The great debate: Is it science?
Undeniably, sex offenders are viewed by the general public as morally reprehensible and dangerous human beings, and the availability of scientific instruments that can tell us with precision and in advance who among them are going to reoffend is an enticing concept. Although far from perfect, RAIs are characterized by some professionals as a decided improvement over predictions based upon the unaided clinical judgment, and some SVP states even mandate their use in commitment evaluations. RAIs have been described as "the most exciting and potentially most useful new developments" in the sex offender risk assessment arena. (Richard Hamill, Recidivism of Sex Offenders: What You Need to Know, 15 (No. 4) CRIM. JUST. 24 (Winter 2001).) Expert testimony based in whole or in part upon scores obtained on RAIs has been routinely (and often without legal challenge) admitted in SVP commitment proceedings across the country.

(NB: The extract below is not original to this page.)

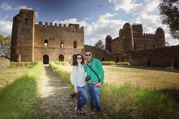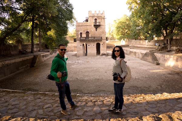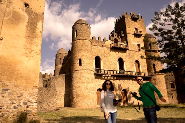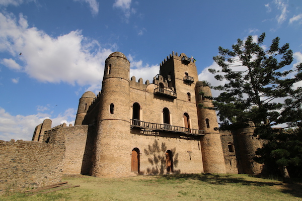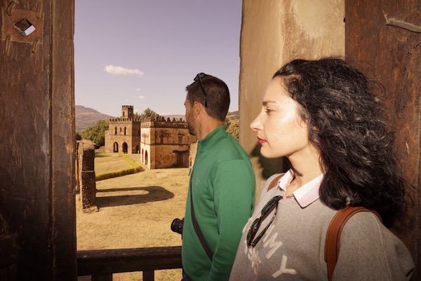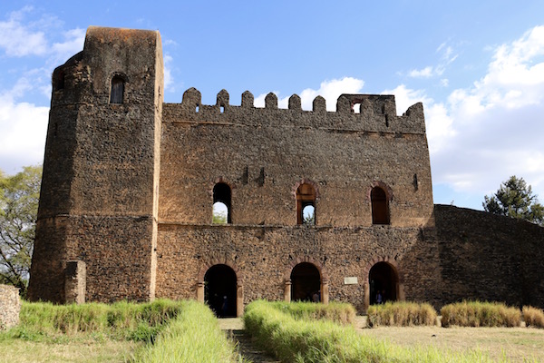 Visitamos el Castillo de Fasilidas fue construido en el 1640 edificio de base rectangular, su estilo tiene influencia portuguesa, morisca, aksumitas, e india, rodeado en sus cuatro equinas por cuatro torreones, tiene una altura de 32 metros, siendo el edificio más antiguo. La planta principal era donde están el salón comedor y zona de recepción, en la primera planta fue la sala de oración, celebrándose en la azotea ceremonias religiosas donde Fasilidas se dirigía a sus vasallos (súbditos). En la segunda planta se encontraban los dormitorios y encima, la atalaya, ofreciendo unas vistas hasta el lago Tana. Atrás de la fortificación están varios inmuebles en ruinas, como la cocina, una cisterna y unos baños de vapor.

But there is another viewpoint expressed in the scientific journals as well as in the courtrooms. It is the viewpoint of scientists, clinicians, and other professionals who are stating rather persuasively what has long been obvious to many who have closely studied this issue: that not even the best science can predict with an acceptable degree of accuracy what an individual will or will not do in the future. Perhaps even more importantly, there is increasing support for the position that, not only are RAIs not the "best science," they are not science at all.

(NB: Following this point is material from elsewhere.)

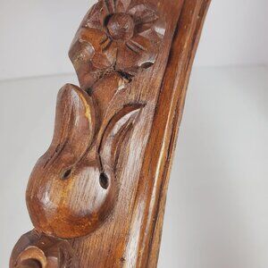 This vintage hand-carved wooden oval frame is a stunning piece of craftsmanship, adorned with intricate floral carvings that bring warmth and texture to any space. Each petal and leaf is carefully sculpted, giving the frame a dimensional, old-world charm perfect for a mirror, portrait, or botanical print.

The five fatal flaws of RAIs
The RAIs most commonly relied upon in SVP commitments certainly appear to carry the aura of legitimate scientific theory, and even the names of these instruments seem to imply that someone somewhere has definitively established their usefulness in this area. Reference is often made to the Violence Risk Appraisal Guide (VRAG), one of the earliest RAIs, as well as to the Rapid Risk Assessment for Sexual Offense Recidivism (RRASOR), the Sex Offender Risk Appraisal Guide (SORAG), and the Minnesota Sex Offender Screening Tool-Revised (MnSOST-R), all among the most commonly used instruments in SVP evaluations.
No two RAIs are exactly alike, and the number of risk factors to be evaluated range from four on the RRASOR to 21 on the MnSOST-R. As to the various risk factors that comprise the instruments, there is general agreement in the scientific and professional communities that a consideration of appropriate risk factors is important (and even necessary) in making risk assessments. The suggestion, however, that the quantifications provided by RAIs are accurate enough to allow decisions to be made about individual risk in SVP proceedings is a suggestion that is garnering substantial opposition. Opponents commonly point to five major problem areas with respect to the use of RAIs in SVP commitment evaluations.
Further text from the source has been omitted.